Yes, there is charge sharing and that's the problem.
Imagine a hypothetical situation where we have the charge pump with its output capacitor and the VCO only. Let's say the charge pump output cap is charged to some voltage and the Cm2 is charged to supply with M6 off (we don't care now about M2). When M6 turns on the charge pump output voltage will step up, increasing the VCO frequency.
When the PLL loop is closed we want to have controlled charge or discharge of the charge pump capacitor with a fixed current. However, because we have charge sharing the output voltage steps up a bit and then the current of M2 continues charging it. If the loop doesn't correct it, the VCO frequency will be not what we wanted. But since we have an infinite gain integrator in the loop (i.e. the charge pump) it will have to make the average voltage controlling the VCO such that the average frequency out of the VCO is equal to the ref frequency.
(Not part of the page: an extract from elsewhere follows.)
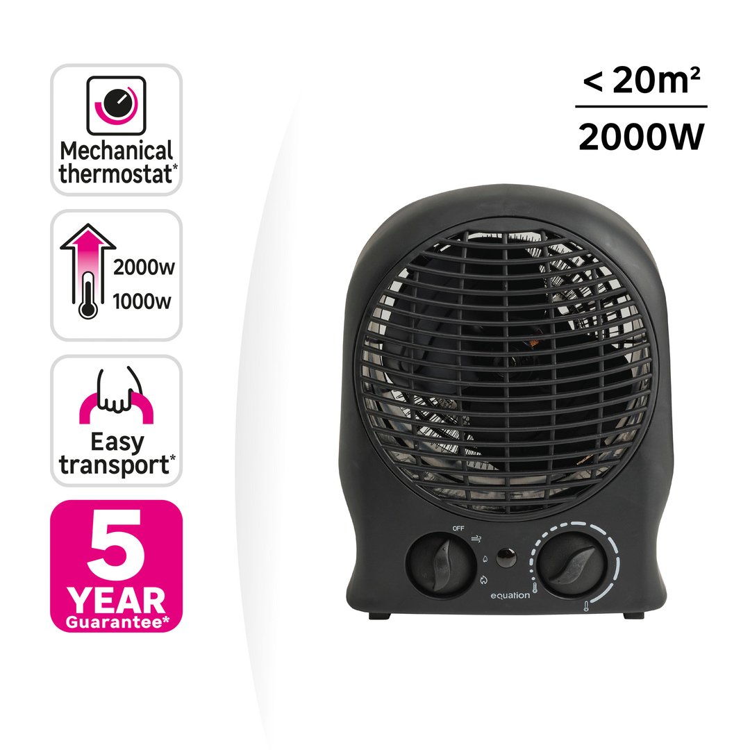 Το αερόθερμο EQUATION FLAG 4 2000W σε κομψό μαύρο φινίρισμα συνδυάζει ισχύ και στυλ. Διαθέτει ρυθμιζόμενη θερμοκρασία, προστασία υπερθέρμανσης και λειτουργία ανεμιστήρα για χρήση όλο τον χρόνο.

To compensate for the charge injection the loop will create a phase offset between the input and VCO frequency in the locked state. This is done by making the UP pulses wider/shorter compared to the DN pulses. However this will result in ripple of the VCO control voltage and respectively spurs in the output frequency spectrum.
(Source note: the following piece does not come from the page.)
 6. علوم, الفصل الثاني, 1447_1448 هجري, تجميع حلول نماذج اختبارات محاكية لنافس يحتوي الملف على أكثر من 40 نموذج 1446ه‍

From a different perspective - PLL loop is very much like opamp loop, say with unity feedback. Imagine a 2 stage opamp, the first stage is an OTA, loaded with a big cap to ground and then there is the second stage (we don't care here if it is Miller compensated or just the cap to gnd between the two stages is large enough to provide for stability). Now imagine that there is a small current besides the current coming from the 1st stage OTA that also gets dumped into the capacitor. When we close the feedback loop, it will want to make the two inputs of the 1st stage equal i.e. virtual short. But if it does, then the extra current into the capacitor will drift the output of the 1st stage away from the point of virtual short. So, the loop works such that it creates an offset at the input of the opamp that tilts the input diff pair so that it compensates for the extra current and the capacitor is charged to a voltage that provides for the equilibrium in the system.